Efficient Processing of Window-based Aggregation Join Queries over Data Streams using Query Transformations

Tri Tran, CS PhD Student

Our research concerns the problem of efficiently processing window-based aggregation join queries over data streams. These queries involve both join and aggregation operations, and handling them in combination allows for better optimization. Our focus is on query transformations from the original query execution plans. For this, we first introduce new stream operators: aggregation set update and aggregation set join. Then, we propose query transformation rules based on the idea of performing aggregation before joins so that join input cardinalities may be reduced while using the operators for continuous incremental processing. Through experiments, we confirm the efficiency advantage of transformed query execution plans over the original ones. Our ongoing work is to consider the optimization usage problem in the cases of insufficient memory space and computation resource. We define two error metrics as objective functions and formulate optimization problems for different cases of resource usage. For the problem involving multi-way join among multiple streams, it is recognized as an unsolvable problem, we propose heuristics to find the system parameters.

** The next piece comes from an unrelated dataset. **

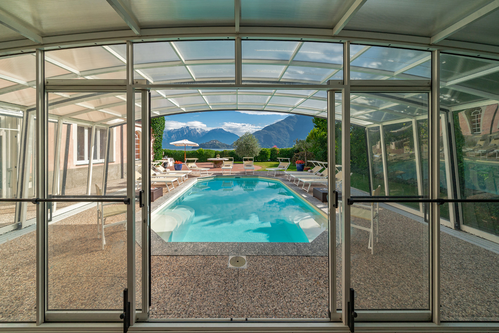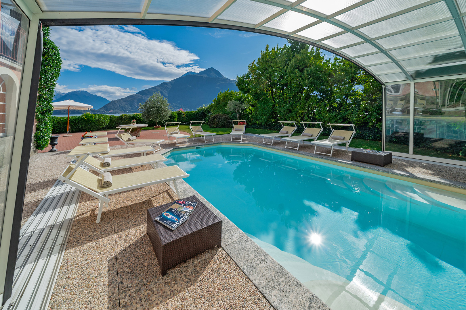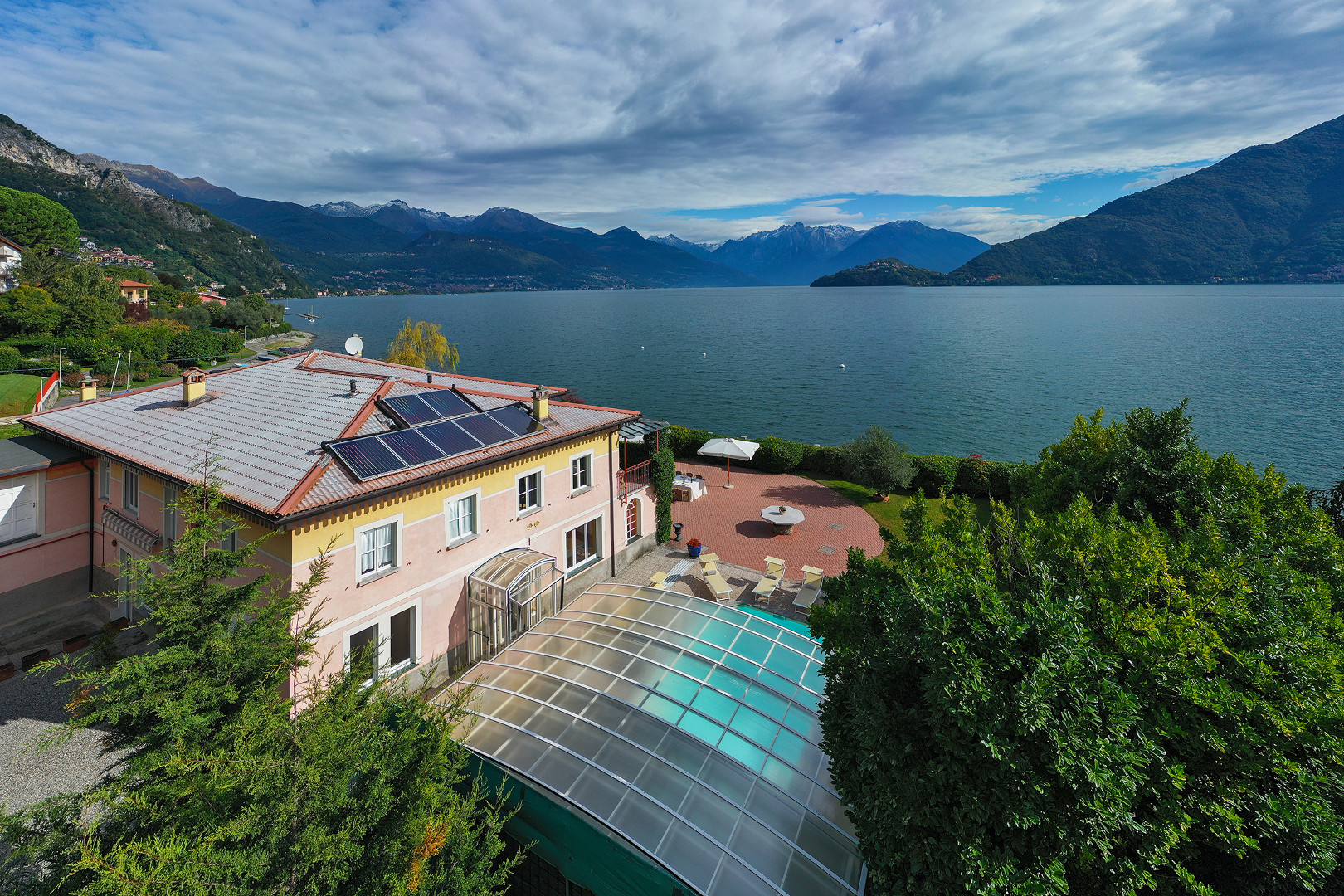 Beautiful property located in front of Lake Como, on the north-west shore, 10 km north of the village of Menaggio. The villa is located in a unique place with direct access to the beach and it has a panoramic terrace that offers a magnificent view of the lake and the nearby mountains. This house with its spacious and decorated interiors, is ideal for group holidays. The indoor pool can be heated and used during the winter. You can moor your boat in front of the villa.

ACE: An Aggressive Classifier Ensemble with Error Detection, Correction and Cleansing

Yan Zhang, CS PhD Student

Given a dataset with deceptive information in it, how to locate the suspicious instances and attributes so as to benefit further data mining procedures is a very important issue. The essential goal is to reduce noise impacts and enhance the learners built from deception corrupted data. In this work, we provide a novel framework that unifies error detection, correction and data cleansing to build an aggressive classifier ensemble for effective learning from noisy data. Experimental comparisons will demonstrate that such an aggressive classifier ensemble is superior to the model built from the original noisy data, and is more reliable in enhancing the learning accuracy from noisy data sources, in comparison with data correction or cleansing efforts.